The Web site provides industry information, news, resources, and university research and market studies on tourism in Maine. Administratively, CenTRO is housed in the Maine Business School in the D.P. Corbett Business Building on the Orono campus, but relies on research and cooperation from all seven University of Maine campuses.

Tourism in Maine generates more than 176,000 jobs, $3.8 billion in wages, $531 million in tax revenue and $13.6 billion in sales of goods and services, making it one of Maine’s largest industries. In spite of those figures, tourism remains comparatively an unmeasured and under appreciated industry, given its diverse nature and demographics, according to Daniel, and Thomas Allen, senior research analyst for CenTRO and a collaborating researcher in the Margaret Chase Smith Policy Center.

“Tourism doesn’t exist in the way that we traditionally define industries,” Allen said. “Instead, there are a lot of tourism activities that cut across a number of industries. Many businesses don’t even recognize they are in it.”

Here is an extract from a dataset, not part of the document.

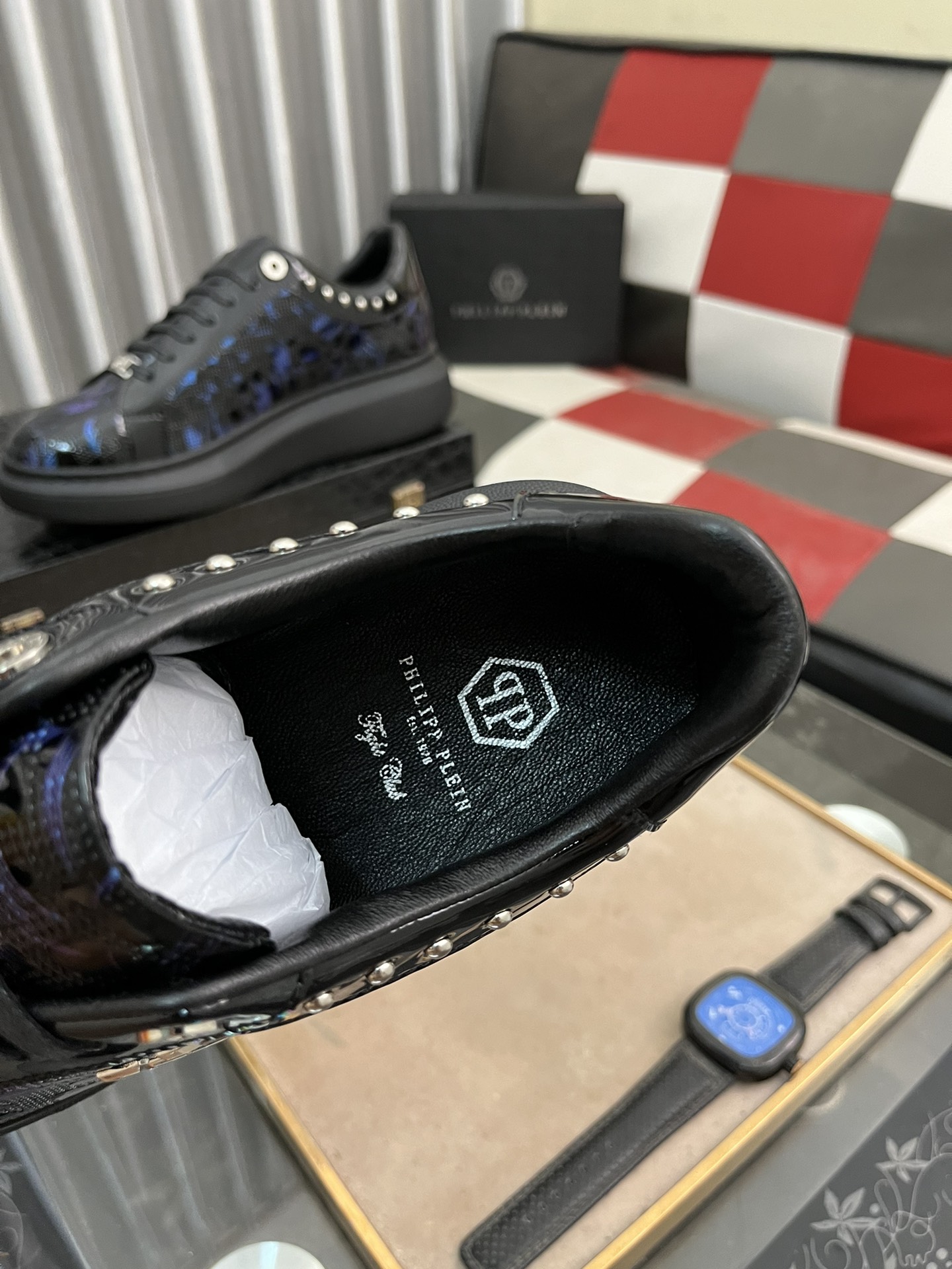 这款鞋子是AAAAA 1:1 质量 (非常棒). 使用了和原版一模一样的材料. 商标部分也保持了和菲利普·普林/Philipp Plein一样. 图片拍摄是实物鞋子拍摄, 您所收到的实物保证和我们图片一模一样.

More than a dozen industry associations representing businesses ranging from dog sledding, golfing and snowmobiling to restaurants, hotels and campgrounds, are connected through the Maine Office of Tourism in Augusta. The CenTRO Web site will be an avenue for coordinating and sharing information, for businesses that could benefit from research already done or that could be developed into projects involving appropriate faculty or student researchers.

“We’re not a marketing organization and our Web site is not intended for use by travelers, as the Maine Office of Tourism has developed an award-winning Web site for that purpose,” Daniel said. “We are a research organization, producing knowledge with which we can help develop strategies that the Office of Tourism, as well as local and regional leaders can use to attract tourists.”

Tourism in the Northeast has not enjoyed the institutional support or state and federal assistance that other industries like fishing, forestry and agriculture have received, partly because the latter have been in states of crisis and decline, according to Colgan. “More importantly,” he added, “there has been this attitude that tourists will just keep coming, no matter what we do.”

Now, “state government and the University of Maine System recognize that it is time to pay serious scholarly attention to tourism, just as it was to pay attention to forestry, fisheries and agriculture,” Colgan said.

“It’s not enough to just do the research,” Colgan said. “We have to get the information out. This is one of CenTRO’s major challenges and that’s why ‘outreach’ is in its name.”